Mobile robots are frequently faced with mapping and exploring uncertain environments in surveillance, military, and convenience tasks. Often times, human teleoperation is either inconvenient or infeasible for these kinds missions. Furthermore, these tasks can be improved by cooperative multi-agent systems, where coordinating robotic efforts can be complicated and computationally-expensive. This paper presents a stochastic framework for autonomous exploration and patrol with multiple cooperating robots. The first contribution extends the authors’ prior work in single-robot exact occupancy grid mapping and autonomous exploration in a 2D environment to mapping and exploring in a 3D environment.

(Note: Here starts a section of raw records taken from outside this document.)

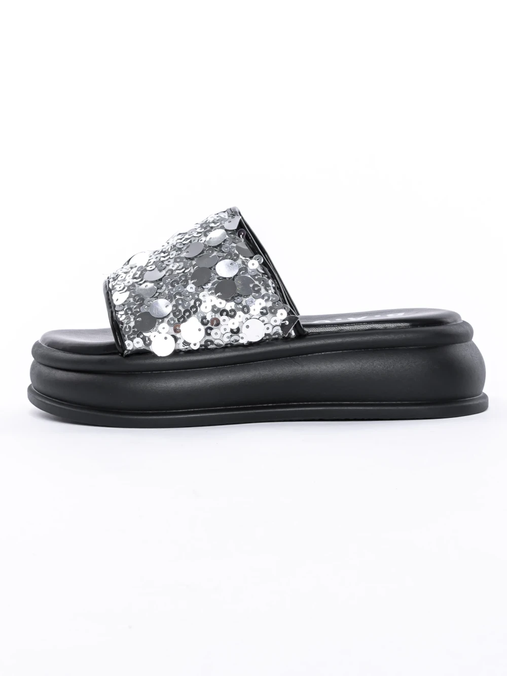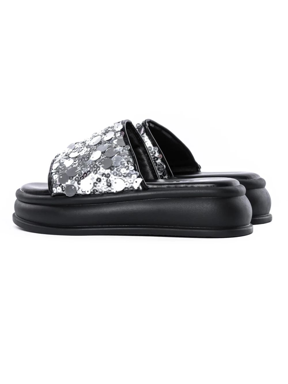 Női papucs alacsony talppal 999-1 Fekete-Ezüst | Fashion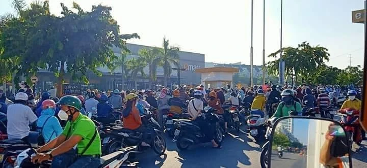Emart Gò Vấp kẹt cứng do dòng người đổ xô mua sắm, gây ùn tắc một đoạn đường. Ảnh: CTV Kim Oanh
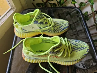 Zapatillas deportivas Adidas con un diseño llamativo. - Combinación de colores verde y amarillo. - Tejido de malla transpirable. - Suela de goma.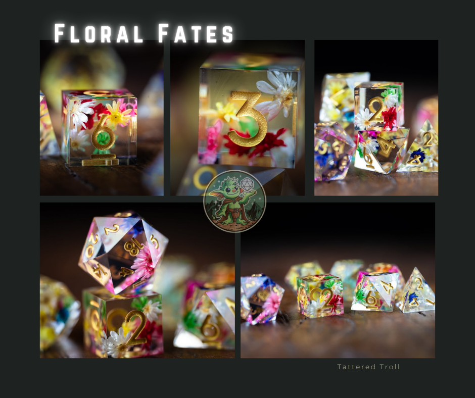 Get ready to add some blooming beauty to your game with Floral Fates dice! These dice are not only gorgeous, but they also hold the secrets of fate within their floral inclusions, adding an air of mystery and intrigue to each roll. It's like strolling through a fragrant field of flowers with each roll, taking you on an enchanted journey with each toss. So let Floral Fates decide your next move and bring some floral magic to your game play!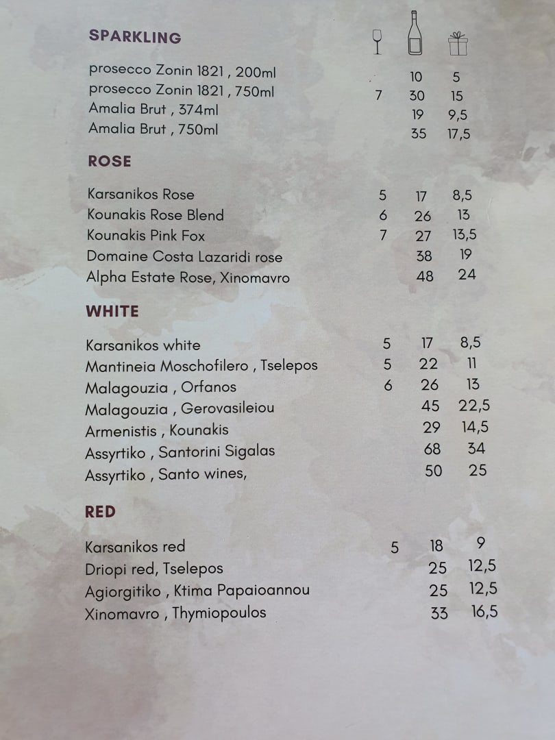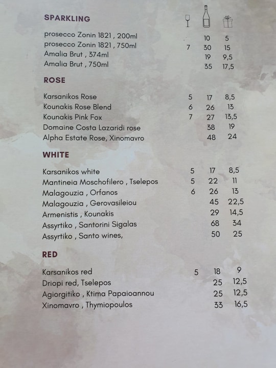 Weinkarte. Kleine aber Feine Weinkarte. Bei Bedarf Juniorchef Stathis fragen.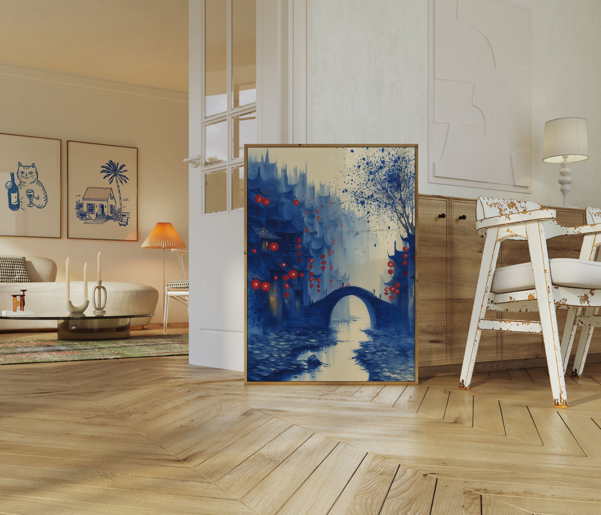 Plongez-vous dans un paysage envoûtant aux tons bleus où l'architecture ancienne rencontre une beauté éthérée. De délicats fanaux rouges flottent comme des orbes oniriques contre un paysage urbain brumeux, avec un pont de pierre gracieux surplombant une rivière tranquille. La scène capture un moment magique entre le crépuscule et l'imagination, mêlant des éléments architecturaux chinois traditionnels à une esthétique surréaliste inspirée de l'aquarelle.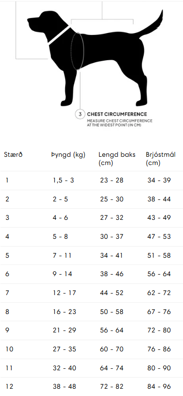 Athugið: Vaxað bómullarefni getur skroppið lítillega saman eftir þvott. Hafið þetta í huga við stærðarval. Ef hundurinn er á milli tveggja stærða mælum við með að velja stærri stærðina.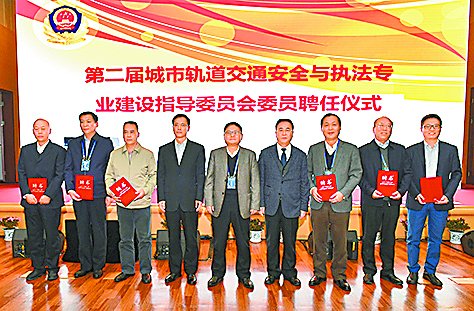 论坛期间,举行了铁道警察学院城市轨道交通安全与执法专业建设指导委员会委员换届工作及聘任仪式。聘任李剑涛、陈济鹏为第二届城市轨道交通安全与执法专业建设指导委员会主任委员,田勇浩、薛怀祖为副主任委员,殷杰、武顺发、曹声伟、杨帆、魏建、乐有金、付新河、左琳为委员。公安部治安管理局马玉生副局长、学院陈东升书记、上海公安学院韩勇书记为新一届委员会委员颁发了聘书并合影留念。 文/轨道系 图/新闻中心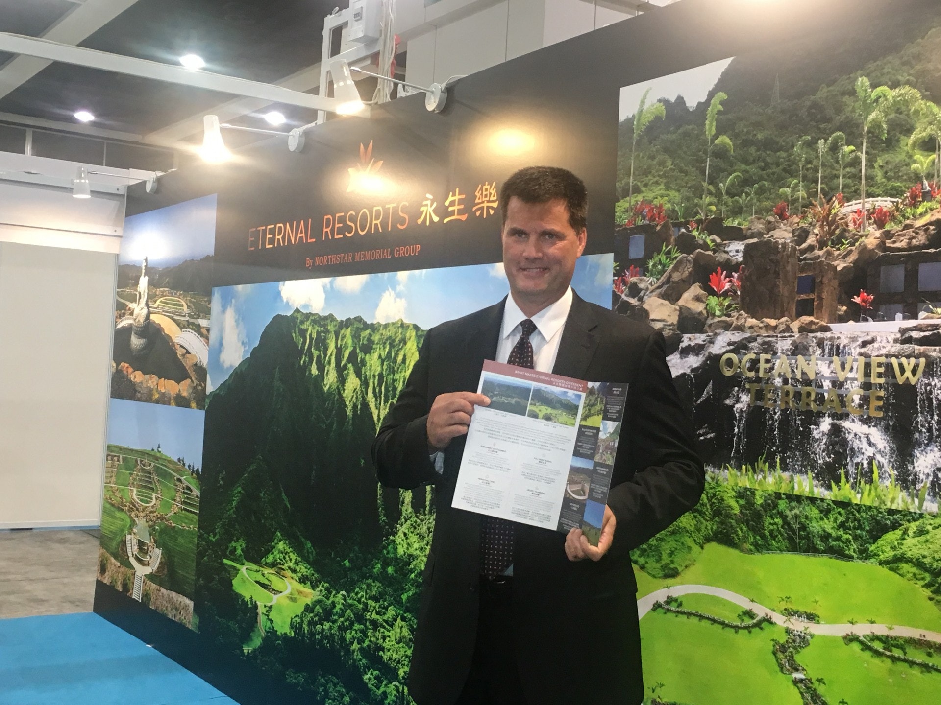 集團首次來港參展,引入海外安葬服務,骨灰龕最低入門費為6千美元,約4萬多港元,土葬墓地則為1.4萬美元,即約10萬港元,並可享有骨灰龕位或土葬用地的永久擁有權及使用權,亦可將其自由轉讓。即使日後墓園結業,先人遺骨亦會受永久保養基金保障,由政府接手管理。 o; t9 d( D2 ~4 P: b

The proposed 3D occupancy grid map is computed efficiently using an inverse sensor model that accounts for the sensor uncertainty, where we propose how several measurement sources may be fused together by considering depth readings individually. This approach is scalable to larger and more complex scenarios for real-time mapping. Furthermore, this paper shows how important aspects of a 3D map representing a structured environment are projected onto a 2D occupancy grid map, where an autonomous exploration algorithm is designed to select robotic motions that maximize map information gain. The mapping and exploration algorithms are demonstrated with an experiment where a quadrotor autonomously maps and explores an initially-uncertain environment. The second contribution is a novel approach to multi-vehicle cooperative patrol of environments based on map uncertainty. We propose a cooperative autonomous exploration algorithm, which applies a bidding-based framework to coordinate robotic efforts for improving occupancy grid map information gain. Since these exploration approaches are based on probabilistic knowledge about the map, the 3D occupancy grid map is systematically degraded over time to encourage the robots to revisit regions as time passes, thereby patrolling the environment. Furthermore, using a Bayesian framework and receding horizons, the algorithm is robust to dynamic obstacles within the mapping space. The efficacy of the proposed multi-vehicle cooperative patrol is illustrated with a simulation involving three robots patrolling a large floor plan with a non-cooperative person walking around the space.